For me, I jot down ideas, keep them in a file, and then implement the ones I
want to when I have time to do so.

I forget shit all the time, and really -- I don't want to hear any
philosophical fluff about how that must mean that the idea just wasn't all
that good. It's an attribute of my memory, not the idea.

I'm not an "idea person". I'm a "getting shit done" person, who happens to
have quite a few ideas, and who also happens to work full time and attend 12
credit hours a semester. I'd rather make a note of them, review them in my
free time, and implement when I feel like I can, or when I choose to than rely
on keeping some spark of inspiration kindled for an indefinite period of time.
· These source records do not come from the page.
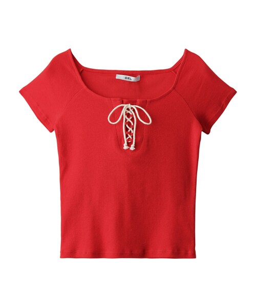 デコルテのレースアップが、ちょっぴりセンシュアルなムードを醸し出すトップス♪ ボディラインにフィットする伸縮性のあるテレコ素材&さり気なく入った縦ラインが、大人っぽい着こなしを演出♂ 広く開いネックラインでデコルテをキレイに魅せてくれるアイテム◎ ★伸縮性があります。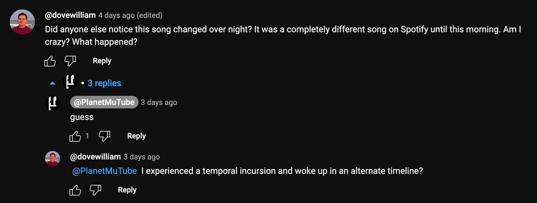 So what happens when we’re at the mercy of platforms? Well, in this case, “Hyper Daddy” was pushed to Spotify on Friday, then it was replaced with a different song—probably the actual “Hyper Daddy”—the next morning, but only after I listened to it (whatever it was) nonstop on Friday, all into the evening, and it was now my favorite song, and when I opened Spotify on my phone on Saturday, I couldn’t find it. Apparently I wasn’t the only one.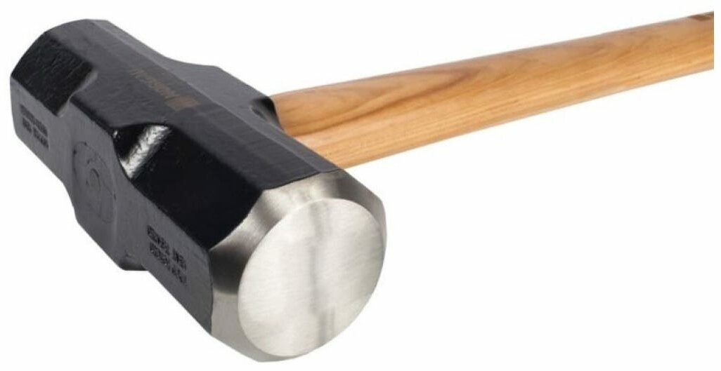 Длина 910 мм. Вес бойка 6355 г. Боек изготовлен из специальной закаленной стали, стандарт DIN 6475. Концы бойка полированы. Рукоятка из древесины гикори, в 3-4 раза устойчивей к разломам в отличие от ясеня. Стандарт DIN 5135. Длинноволокнистая структура древесины гикори гасит ударно-вибрационное воздействие на руку. А также позволяет избежать неконтролируемого отделения рукоятки в случае разлома. Кольцевой клин равномерно распределяет усилие зажима, древесина не разрушается.

 _Not recording ideas is both a way of validating them and focusing your mind
on implementation. "Idea people" like us can easily lose ourselves in the
mental masturbation that is the generation of "ideas". The last thing we
should be doing is encouraging staying in that stage longer than we have to._

Yeah, luckily I'm not talking about just sitting around thinking of ideas and
not implementing them. I _never_ sit around _trying_ to come up with an idea,
and I get no satisfaction from just having an idea, which cuts out the
masturbation.

I'll agree that we shouldn't encourage people to sit around thinking of hare-
brained schemes, but please don't assume that everyones lifestyle and mind are
structured the way yours is.

There's no universal truth to be had about tracking ideas or todo items --
it's too subjective of a territory -- and when you talk as if there is, it
makes you sound like a jackass.

If _you_ never find yourself in the position of wanting to jot down ideas
because you "remember the good ones", wonderful. Don't tell me that it's not a
useful thing for me to do, because seriously -- if I _don't_ do things like
that, I _do not_ remember them. I don't remember what's in my ideas file right
now, but I guarantee you that some of those ideas I will start implementing
later.

Yeah, I'll always have more ideas than time. That's fine. I'll also know that
the ideas I've saved but haven't had the chance to work on are ones that I'm
actually interested in -- and I'll know that I didn't just forget some bright
idea that I've had.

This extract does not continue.